Close to 90 children from new immigrant families showcased their talents and skills at a presentation in Taipei on Sunday that validated classes held by local foundations designed to help them avoid being marginalized.
The children, ranging from elementary school to university level students, danced, sang, and acted in short plays, reflecting their planning and organizational skills, self-expression and teamwork.
The presentation, organized by the Eden Social Welfare Foundation and the Cathay Charity Foundation, was the outgrowth of classes held by the foundations for children of immigrant parents in Taiwan who may be vulnerable to discrimination because of their family backgrounds.
Chu Li-ying (朱莉英), director of the Eden Social Welfare Foundation's New Immigrants Family Growth Center, said the foundation's drama and leadership classes are designed to empower children from new immigrant families.
Held since 2010, the classes have helped the children become more proactive in expressing themselves, and better at interacting with others, as Sunday's performances showed, Chu said.
About 100 students enroll in the classes each year, and the majority of them have a parent who came from China, Vietnam, or Indonesia, Chu said.
"Taiwan has many new immigrants, about 550,000, so the development of their children is very important, because they are very likely to influence the country's direction in the future," she told CNA.
In Taiwan, the term "new immigrants" is generally used to describe the large number of people, especially women, from China and Southeast Asia who have married into Taiwanese families in the past two decades.
Sunday's presentation started with a synchronized group dance with the audience before moving on to a play about migration performed by elementary school children.

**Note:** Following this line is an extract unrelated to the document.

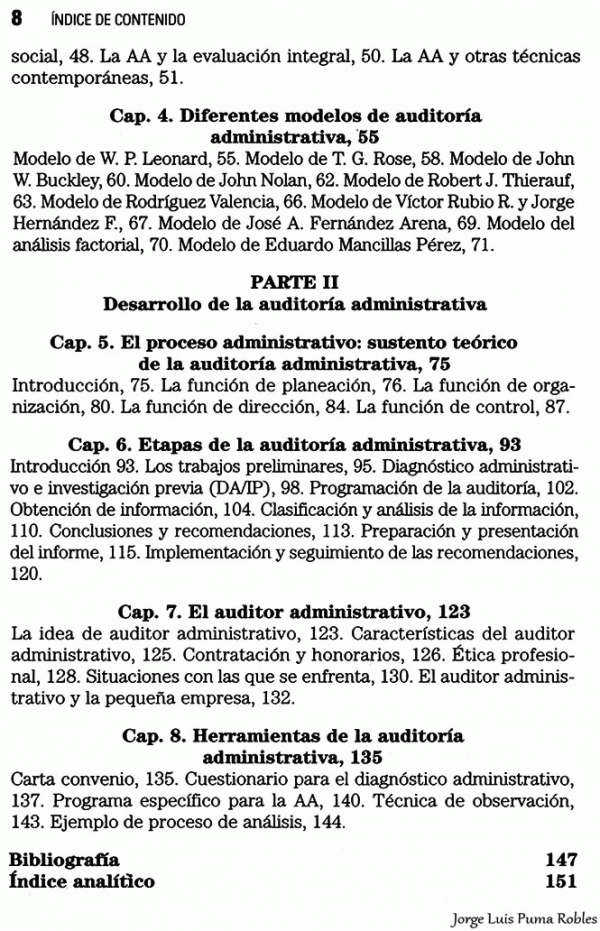 El autor de este libro realiza un análisis completo de la auditoria administrativa, en el cual explora sus orígenes, bases teóricas, funciones, objetivo y efectividad como herramienta de control en las organizaciones, y la compara con otros tipos de auditoria.

Tertiary and senior high school students then took over the stage to present a power point that described their week-long volunteer work on a farm during the summer holidays this year in Hsinchu County's Xinfeng Township, during which they helped produce rice.
Other performances included a shadow puppet show by junior high school students that told the story of adopting, caring for and loving animals.
Chu said the classes, and by association Sunday's presentation, show that the children are better able to assimilate into mainstream society and not become marginalized or fall victim to harassment because of their family background, which actually should be to their advantage.
A 15-year-old high school student, identified only as Hsiao Ting (小婷), whose mother originally came from Vietnam, said the classes have helped her learn how to communicate with others.
"If someone asks me where my mother comes from, I will tell them directly that she is a Vietnamese who has been living in Taiwan for a very long time and does not carry any cultural barriers," she said.
Meanwhile, a university sophomore identified only as Hsiao Hsuan (小瑄), whose mother is from China's Hunan Province, said sometimes her classmates ask her where her mother comes from and how her culture differs from Taiwanese culture.
"I explain to them that my mother has been living in Taiwan for a very long time and is no different from a genuine Taiwanese," she said.
The Eden Social Welfare Foundation is a nongovernmental organization that aims to promote equality and humanity by helping the disadvantaged.